Receitas do caderno de Point - como pumao chaud de bécasses (patê de galinhola) e poulet Jean Cocteau (frango assado com redução de conhaque Madeira, creme e manteiga de lagostim, que leva o nome do poeta-romancista-cineasta) - não é para iniciantes. “Mado não queria que eles mudassem tanto”, diz Kulla. “Nós honramos seu desejo. . . . Eles presumem um conhecimento da culinária francesa. ”

Os Kullas testaram receitas em sua própria cozinha. “Há uma receita bastante detalhada para o gumateau Marjolaine porque era tão conhecido e muitas pessoas tentaram fazer suas versões dele ”, diz Kulla. Depois de muita tentativa e erro, “nós o montamos, e o único lugar que eu provei um como se fosse no próprio La Pyramide. Tente. É um bolo maravilhoso. ”
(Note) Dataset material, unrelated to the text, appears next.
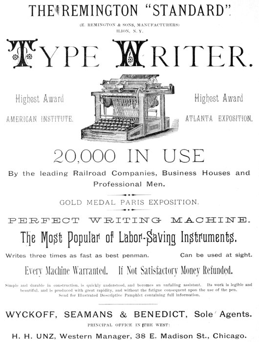 Simple and durable in construction, is quickly understood, and becomes an unfailing assistant. Its work is legible and beautiful, and is produced with great rapidity, and without the fatigue consequent upon the use of the pen. Send for Illustrated Descriptive Pamphlet containing full information.

Nova edição de ‘Ma Gastronomie’ com uma introdução de Thomas Keller

Adorava manteiga e brincadeiras, tinha um apetite insaciável e estava inclinado a começar as manhãs barbeando-se ao ar livre com duas garrafas de champanhe com gelo ao lado. A certa altura, quase metade dos chefs de três estrelas Michelin na França havia treinado em sua cozinha.
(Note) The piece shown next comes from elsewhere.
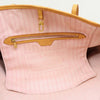 Louis Vuitton Neverfull Mm W/P White Damier Azur Canvas Shoulder Bag with brass hardware, tan vachetta leather trim, dual flat shoulder straps, pink canvas lining, single zip pocket at interior wall and lobster-claw clasp closure at top.
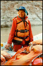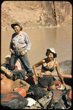 A midwesterner by birth, Georgie White Clark ventured to California on a bike as a teenage wife and mother. In 1944, Clark's daughter, Sommona Rose, was killed by a drunk driver, sending Clark into a tailspin. Worried friends dragged the despondent Clark to a Sierra Club lecture by Harry Aleson, and he inspired her to join him on a hike in the Grand Canyon in 1944 and on a "swim" of the Colorado River through the lower Grand Canyon in 1945. They survived both, and Georgie's lifelong love affair with the Colorado and the Grand Canyon resulted. In 1952, Clark became the first woman to row a boat through the entire Grand Canyon. For the next twenty years, she was the only woman commercial river runner working in the Grand Canyon. Her job choice (unusual for a woman of the era) and her penchant for self promotion made Georgie White Clark arguably the most famous person ever to run the Colorado River. Interviewed by Groucho Marx and Art Linkletter, appearing on To Tell the Truth, escorting famed photographer Josef Muench down multiple river trips, and narrating the documentary Call of the Canyon brought Clark a level of fame her river-running male coworkers could only envy. Source material for this story: 2006 Grand Canyon National Park Calendar printed by the Grand Canyon Association. MAIN INDEX | BACK TO HISTORICAL FIGURES

Não é de admirar que Fernand Point seja reverenciado por chefs modernos e “Ma Gastronomie” - um livro sobre ele e seu restaurante, o lendário La Pyramide - tenha seguidores cult. Mas o livro está esgotado há décadas, uma situação que foi corrigida com uma nova edição em inglês publicada pela Rookery Press.

É o livro que os chefs adoram - chefs como Thomas Keller, que escreveu a nova introdução, e Charlie Trotter. Se você viu a primeira edição em inglês de "Ma Gastronomie", publicada em 1974, pode se surpreender. Certamente não é o livro de mesa de centro, cheio de fotografias exuberantes e receitas detalhadas, que esperamos dos editores de livros de receitas. Uma receita de linguado holandês consiste em três frases, a primeira é: "Cozinhe um linguado inteiro bem limpo em uma caldo de corte e coloque-o em uma travessa. ”

Mas o livro ainda atrai leitores amantes da comida, se não por suas receitas, então por seu retrato de um homem totalmente dedicado ao espírito de jantar.

“Pelas palavras do Chef Point, finalmente entendi e descobri um senso de propósito mais elevado. . . ., ”Keller escreve na introdução. “Cozinhar não era apenas uma questão de técnica e fornecer sustento, era nutrir.”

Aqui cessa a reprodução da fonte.